Steve Snyder, one of the neighbors, said that his group was evaluating appeal options.

“Chancellor Martin’s order is concerning in that it seems to say that the Planning Commission has unlimited discretion to grant ‘height modifications’ in the downtown area based on very subjective and vague criteria,” he said. “As a consequence of this decision, there could be no height limits on future development in Downtown Nashville. The decision undermines the whole plan created by the Downtown Code of unique, thoughtfully designed neighborhoods or subdistricts. All Nashvillians should be concerned about what future development and densities in our city will look like.” 
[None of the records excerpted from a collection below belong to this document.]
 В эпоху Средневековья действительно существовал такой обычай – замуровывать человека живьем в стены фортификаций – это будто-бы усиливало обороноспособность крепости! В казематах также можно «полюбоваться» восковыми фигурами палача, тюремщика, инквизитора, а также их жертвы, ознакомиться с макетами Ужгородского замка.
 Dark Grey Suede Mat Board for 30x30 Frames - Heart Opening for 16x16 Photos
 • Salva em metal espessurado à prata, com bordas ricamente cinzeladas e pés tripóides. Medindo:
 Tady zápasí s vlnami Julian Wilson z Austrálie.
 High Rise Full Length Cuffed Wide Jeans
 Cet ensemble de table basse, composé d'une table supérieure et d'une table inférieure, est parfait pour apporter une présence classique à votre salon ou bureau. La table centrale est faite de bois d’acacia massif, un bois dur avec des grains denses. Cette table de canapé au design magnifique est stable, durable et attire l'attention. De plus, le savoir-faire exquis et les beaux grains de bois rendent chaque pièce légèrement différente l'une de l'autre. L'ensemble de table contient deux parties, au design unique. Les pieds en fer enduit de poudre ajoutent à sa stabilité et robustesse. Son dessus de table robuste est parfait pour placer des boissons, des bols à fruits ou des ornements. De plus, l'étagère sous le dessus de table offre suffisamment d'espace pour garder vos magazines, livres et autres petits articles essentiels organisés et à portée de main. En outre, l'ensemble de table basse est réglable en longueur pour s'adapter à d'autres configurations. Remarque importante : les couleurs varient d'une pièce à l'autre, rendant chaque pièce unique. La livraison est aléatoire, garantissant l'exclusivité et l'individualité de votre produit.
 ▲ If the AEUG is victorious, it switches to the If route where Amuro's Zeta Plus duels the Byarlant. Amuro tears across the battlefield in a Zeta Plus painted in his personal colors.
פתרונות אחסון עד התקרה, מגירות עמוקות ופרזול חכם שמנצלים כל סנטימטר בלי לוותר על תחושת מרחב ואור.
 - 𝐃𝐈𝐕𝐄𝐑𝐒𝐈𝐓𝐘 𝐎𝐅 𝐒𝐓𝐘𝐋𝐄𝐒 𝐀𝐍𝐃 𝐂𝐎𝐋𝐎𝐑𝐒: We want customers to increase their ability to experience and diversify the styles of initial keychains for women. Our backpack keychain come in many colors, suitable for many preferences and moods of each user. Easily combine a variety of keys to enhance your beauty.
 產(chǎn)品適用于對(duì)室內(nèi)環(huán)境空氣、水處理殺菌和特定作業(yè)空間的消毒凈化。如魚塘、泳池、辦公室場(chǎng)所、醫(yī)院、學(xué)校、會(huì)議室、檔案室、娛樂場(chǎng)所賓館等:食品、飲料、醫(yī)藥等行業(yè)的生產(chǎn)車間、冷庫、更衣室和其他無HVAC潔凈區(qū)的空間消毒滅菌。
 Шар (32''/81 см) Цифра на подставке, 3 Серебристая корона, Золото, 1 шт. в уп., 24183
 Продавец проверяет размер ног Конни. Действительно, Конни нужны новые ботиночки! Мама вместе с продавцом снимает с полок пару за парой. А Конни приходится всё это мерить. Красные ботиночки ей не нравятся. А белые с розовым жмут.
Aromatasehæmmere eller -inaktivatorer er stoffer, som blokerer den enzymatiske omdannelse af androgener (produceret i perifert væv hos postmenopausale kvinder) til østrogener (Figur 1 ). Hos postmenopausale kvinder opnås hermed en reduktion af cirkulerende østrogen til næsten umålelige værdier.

The Congress Group, the Boston-based company working on the Second and Peabody development, said via a spokesperson that it was pleased with the ruling and that the company looks forward to “delivering its many benefits to the community, which includes 59,000 square feet of activated public space, all pursuant to the very high standards imposed by the Planning Commission and Planning Department staff.”

Added Chicago-based Centrum: “We feel the Order reflects the careful, deliberate process led by the City of Nashville, culminating with Planning Commission approval, that will enable us to develop a transformative project at the Cumulus site. With world class architecture and 1.5 acres in total park space, our project will provide tremendous public benefit.”